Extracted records

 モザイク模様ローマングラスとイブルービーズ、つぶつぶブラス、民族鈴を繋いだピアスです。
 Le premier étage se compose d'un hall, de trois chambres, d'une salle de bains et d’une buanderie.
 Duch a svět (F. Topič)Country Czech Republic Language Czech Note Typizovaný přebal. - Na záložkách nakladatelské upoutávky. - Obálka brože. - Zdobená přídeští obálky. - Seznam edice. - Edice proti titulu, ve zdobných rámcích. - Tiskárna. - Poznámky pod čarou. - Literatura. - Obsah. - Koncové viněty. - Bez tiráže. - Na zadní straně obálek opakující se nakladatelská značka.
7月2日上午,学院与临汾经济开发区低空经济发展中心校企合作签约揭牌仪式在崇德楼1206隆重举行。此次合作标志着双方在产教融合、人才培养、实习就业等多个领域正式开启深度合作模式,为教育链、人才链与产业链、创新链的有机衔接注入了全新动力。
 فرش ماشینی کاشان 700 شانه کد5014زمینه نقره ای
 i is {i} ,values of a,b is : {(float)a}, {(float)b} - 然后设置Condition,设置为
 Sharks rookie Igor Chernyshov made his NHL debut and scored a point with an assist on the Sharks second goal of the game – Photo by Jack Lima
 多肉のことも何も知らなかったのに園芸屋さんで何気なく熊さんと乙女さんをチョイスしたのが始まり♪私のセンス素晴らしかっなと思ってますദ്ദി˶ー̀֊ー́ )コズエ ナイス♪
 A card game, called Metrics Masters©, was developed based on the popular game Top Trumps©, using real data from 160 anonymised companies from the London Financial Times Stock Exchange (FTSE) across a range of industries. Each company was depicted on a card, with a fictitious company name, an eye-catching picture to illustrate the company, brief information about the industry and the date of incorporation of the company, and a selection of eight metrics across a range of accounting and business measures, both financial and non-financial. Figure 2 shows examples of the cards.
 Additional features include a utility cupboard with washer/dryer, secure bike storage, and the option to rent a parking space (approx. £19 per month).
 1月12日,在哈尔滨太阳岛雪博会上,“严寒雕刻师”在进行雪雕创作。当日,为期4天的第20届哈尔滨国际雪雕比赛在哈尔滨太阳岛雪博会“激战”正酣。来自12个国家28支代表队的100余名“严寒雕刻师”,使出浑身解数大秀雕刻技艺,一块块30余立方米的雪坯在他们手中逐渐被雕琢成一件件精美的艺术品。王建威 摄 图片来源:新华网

**PROMPT**
Once more, write out the records exactly as they are.

**TASK RESPONSE**
 モザイク模様ローマングラスとイブルービーズ、つぶつぶブラス、民族鈴を繋いだピアスです。
 Le premier étage se compose d'un hall, de trois chambres, d'une salle de bains et d’une buanderie.
 Duch a svět (F. Topič)Country Czech Republic Language Czech Note Typizovaný přebal. - Na záložkách nakladatelské upoutávky. - Obálka brože. - Zdobená přídeští obálky. - Seznam edice. - Edice proti titulu, ve zdobných rámcích. - Tiskárna. - Poznámky pod čarou. - Literatura. - Obsah. - Koncové viněty. - Bez tiráže. - Na zadní straně obálek opakující se nakladatelská značka.
7月2日上午,学院与临汾经济开发区低空经济发展中心校企合作签约揭牌仪式在崇德楼1206隆重举行。此次合作标志着双方在产教融合、人才培养、实习就业等多个领域正式开启深度合作模式,为教育链、人才链与产业链、创新链的有机衔接注入了全新动力。
 فرش ماشینی کاشان 700 شانه کد5014زمینه نقره ای
 i is {i} ,values of a,b is : {(float)a}, {(float)b} - 然后设置Condition,设置为
 Sharks rookie Igor Chernyshov made his NHL debut and scored a point with an assist on the Sharks second goal of the game – Photo by Jack Lima
 多肉のことも何も知らなかったのに園芸屋さんで何気なく熊さんと乙女さんをチョイスしたのが始まり♪私のセンス素晴らしかっなと思ってますദ്ദി˶ー̀֊ー́ )コズエ ナイス♪
 A card game, called Metrics Masters©, was developed based on the popular game Top Trumps©, using real data from 160 anonymised companies from the London Financial Times Stock Exchange (FTSE) across a range of industries. Each company was depicted on a card, with a fictitious company name, an eye-catching picture to illustrate the company, brief information about the industry and the date of incorporation of the company, and a selection of eight metrics across a range of accounting and business measures, both financial and non-financial. Figure 2 shows examples of the cards.
 Additional features include a utility cupboard with washer/dryer, secure bike storage, and the option to rent a parking space (approx. £19 per month).
 1月12日,在哈尔滨太阳岛雪博会上,“严寒雕刻师”在进行雪雕创作。当日,为期4天的第20届哈尔滨国际雪雕比赛在哈尔滨太阳岛雪博会“激战”正酣。来自12个国家28支代表队的100余名“严寒雕刻师”,使出浑身解数大秀雕刻技艺,一块块30余立方米的雪坯在他们手中逐渐被雕琢成一件件精美的艺术品。王建威 摄 图片来源:新华网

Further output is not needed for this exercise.